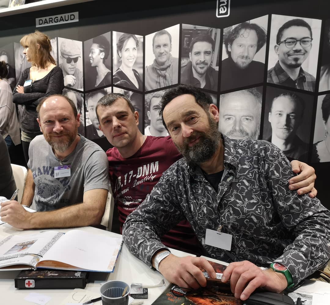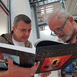 Grzegorz Rosinski et Roman Surzhenko étaient du côté de Varsovie, le week-end dernier, côte à côte pour parler de Thorgal, rencontrer le public polonais et passer un peu de temps ensemble. Grzegorz présentait notamment une nouvelle édition luxueuse de l’une de ses œuvres les plus célèbres, « Le grand pouvoir du Chninkel ». Il était d’ailleurs entouré par certains des personnages principaux de son album. Une exposition de planches, et une invitée spéciale, accompagnaient l’auteur. L’occasion, pour l’auteur, de recevoir un nouveau prix.   De son côté, Roman dédicaçait beaucoup, comme à son habitude. On ne le voit pas sur ces images, mais il y avait beaucoup de monde ! Vous reconnaîtrez sûrement ci-dessous l’un des jumeaux qui protégeait les anneaux de Freyr, dans le tout premier album de la série. Thorgal s’esquisse… Roman ne se sépare plus du tee-shirt reçu l’an dernier au cours de la Convention Thorgal, à Paris. Roman sourit ! Regardez, on a une preuve. Les deux garçons ont fini par se rejoindre, pour dédicacer mais aussi pour feuilleter avec gourmandise les belles pages du Chninkel. Pour cette dernière photo, Grzegorz avait enfin retrouvé l’une des chemises dont il a le secret. Il était temps. Vous pouvez l’apercevoir au dos de l’album, les deux couvertures originelles du Chninkel se côtoient sur cette édition. Si vous voulez savoir et comprendre pourquoi un album peut avoir deux couvertures originelles, et non une seule, leur histoire vous est racontée ici.
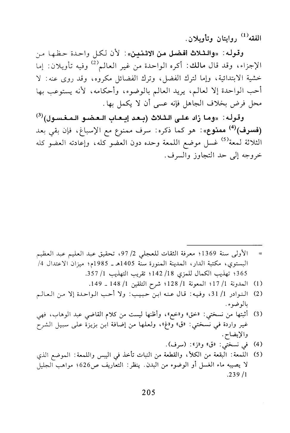 وقوله: "والثلاث أفضل من الاثنين": لأن لكل واحدة حظها من الإجزاء، وقد قال مالك: أكره الواحدة من غير العالم وفيه تأويلان: إما خشية الابتدائية، وإما لترك الفضل، وترك الفضائل مكروه، وقد روى عنه: لا أحب الواحدة إلا لعالم، يريد العالم بالوضوء، وأحكامه، لأنه يستوعب بها محل فرض بخلاف الجاهل فإنه عسى أن لا يكمل بها.
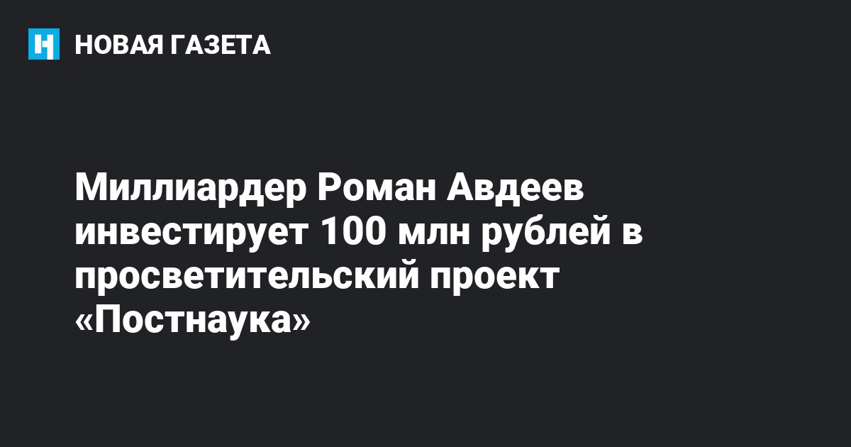 Миллиардер, владелец Московского кредитного банка (МКБ) Роман Авдеев инвестирует 100 млн рублей в развитие издательского дома «Постнаука», сообщают «Ведомости» со ссылкой на представителя бизнесмена.
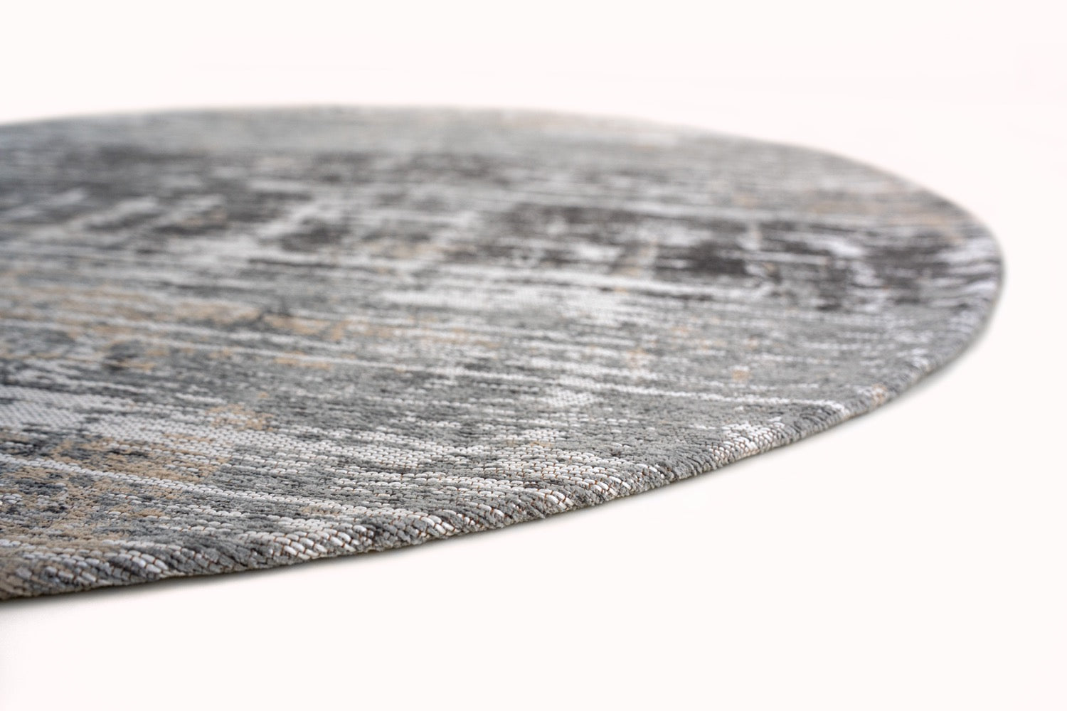 Introducing the Louis de Poortere Atlantic Streaks Round Coney Grey 8716 rug, a modern and stylish addition to any room. Made in Belgium, this jacquard flatweave rug features a unique abstract design in shades of grey. Crafted from PET material, it is not only durable but also anti-allergic and anti-static. Available in two sizes, Ø 140 cm and Ø 240 cm, this rug is perfect for the living room, dining room, or kitchen. Elevate your space with this versatile and high-quality rug from Louis de Poortere.
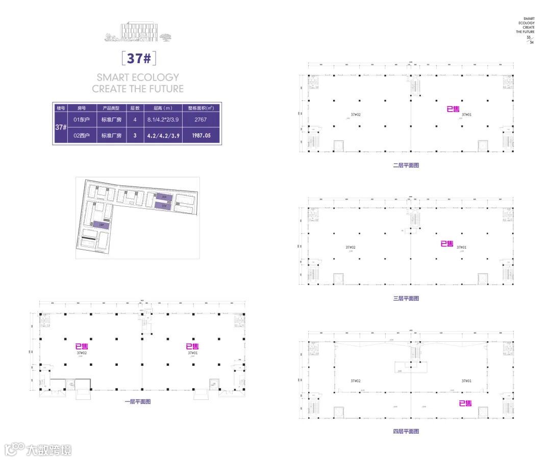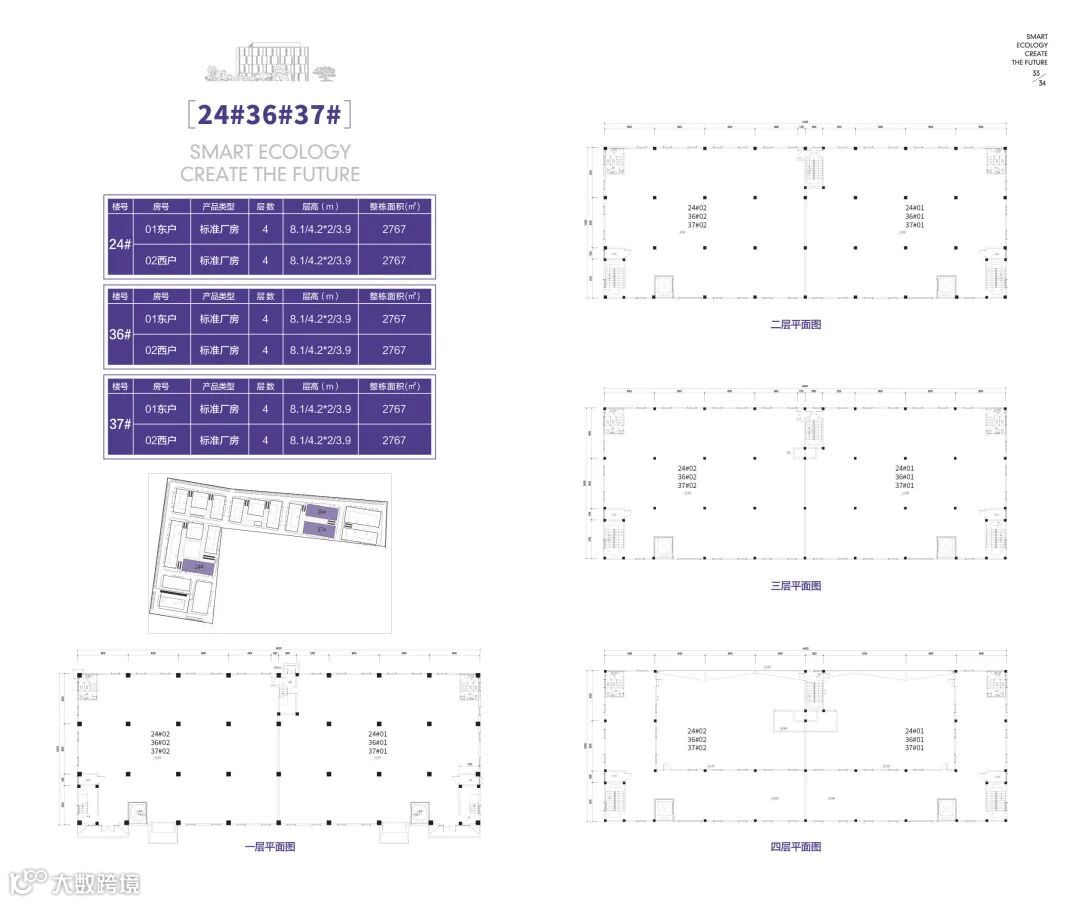 36号-1楼,4层,层高8.1/4.2/4.2/3.9米,面积2767平方米
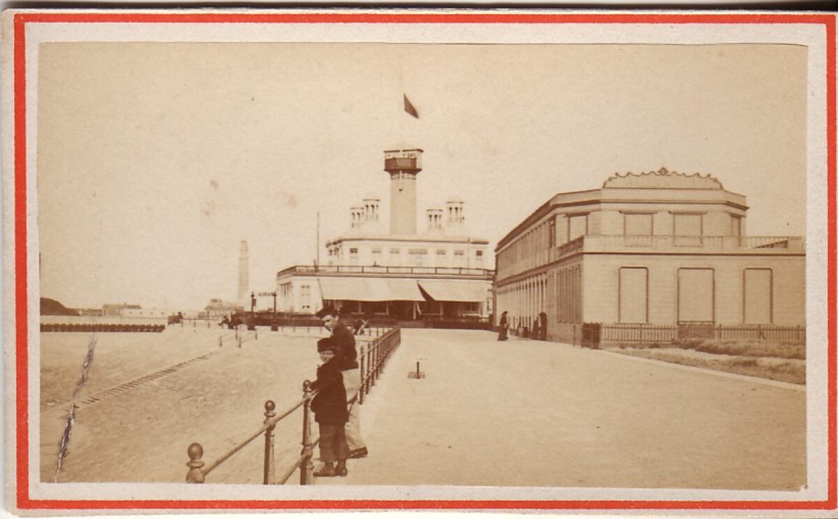 Foto : 10 x 6 cm. Rechts "Pavillon Royal". "Houten paviljoen gebouwd op een bakstenen fundering. Opgetrokken aan de rand van de Zeedijk op het uiteinde van de Van Iseghemlaan. Verbouwd in 1842 en nu uitgebreid en op het platform een overdekt terras. Voorzien van een toiletcomplex en voorzien van een gaanderij. Het nieuwe rechthoekige gebouw, dat op de westkant wordt geplaatst van het eerste paviljoen en een verdieping telt is nog voor het begin van het badseizoen 1842 afgewerkt.
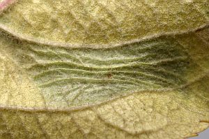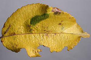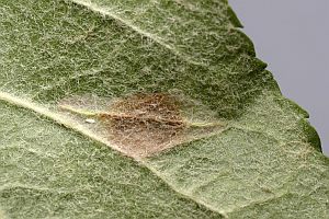 Anders die Angaben zum Nahrungspflanzenspektrum in Triberti (2007): er nennt im Text ausschließlich verschiedene Apfelbäume (Malus spp.), vgl. dazu folgenden [Beitrag im Lepiforum] und vermutet, dass bei Angaben zu anderen Pflanzen Fehlbestimmungen zugrunde liegen könnten. Auch auf [bladmineerders.nl] wird davon ausgegangen, dass Angaben, die nicht von Malus-Arten stammen, Ausnahmen sind oder auf Fehlbestimmungen beruhen. Andererseits gibt es in dem von Triberti (2007: ) untersuchten Material nicht nur ex-larva-Tiere von Malus sylvestris, Malus domestica, Malus lanifolia und Malus floribunda, sondern auch ein Tier, das Hartig laut Etikett in Italien aus Prunus padus gezüchtet hat. Im Lepiforum werden genitalüberprüfte Tiere von Deutschland von Pyrus communis und von Cydonia oblonga aus der Schweiz gezeigt (s.o.). Auch einzelne Literaturangaben von Mespilus germanica und Sorbus aria scheinen einer kritischen Prüfung standzuhalten. Fest steht aber, dass die allermeisten Minen tatsächlich an Malus spp. zu finden sind.
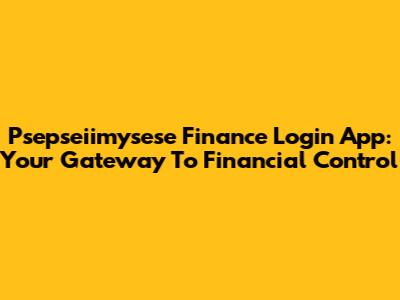 Psepseiimysese Finance Login App: Your Gateway To Financial Control
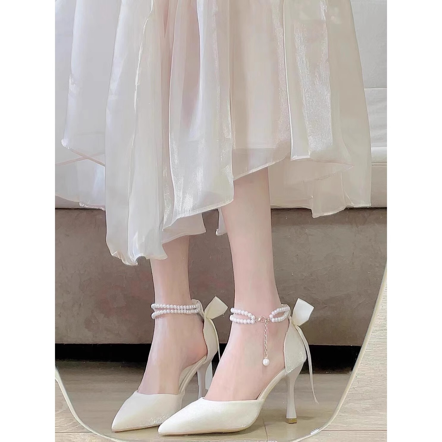 法式仙女风气质细跟高跟鞋女2024新款珍珠蝴蝶结一字带包头凉鞋女
----
The task:
Could you transcribe exactly the entries above, but only the lines from the one with "Миллиардер, владелец Московского" through the one with "36号-1楼,4层,层高8.1/4.2/4.2/3.9米,面积2767平方米", and without pictures?

Task output:
 Миллиардер, владелец Московского кредитного банка (МКБ) Роман Авдеев инвестирует 100 млн рублей в развитие издательского дома «Постнаука», сообщают «Ведомости» со ссылкой на представителя бизнесмена.
 Introducing the Louis de Poortere Atlantic Streaks Round Coney Grey 8716 rug, a modern and stylish addition to any room. Made in Belgium, this jacquard flatweave rug features a unique abstract design in shades of grey. Crafted from PET material, it is not only durable but also anti-allergic and anti-static. Available in two sizes, Ø 140 cm and Ø 240 cm, this rug is perfect for the living room, dining room, or kitchen. Elevate your space with this versatile and high-quality rug from Louis de Poortere.
 36号-1楼,4层,层高8.1/4.2/4.2/3.9米,面积2767平方米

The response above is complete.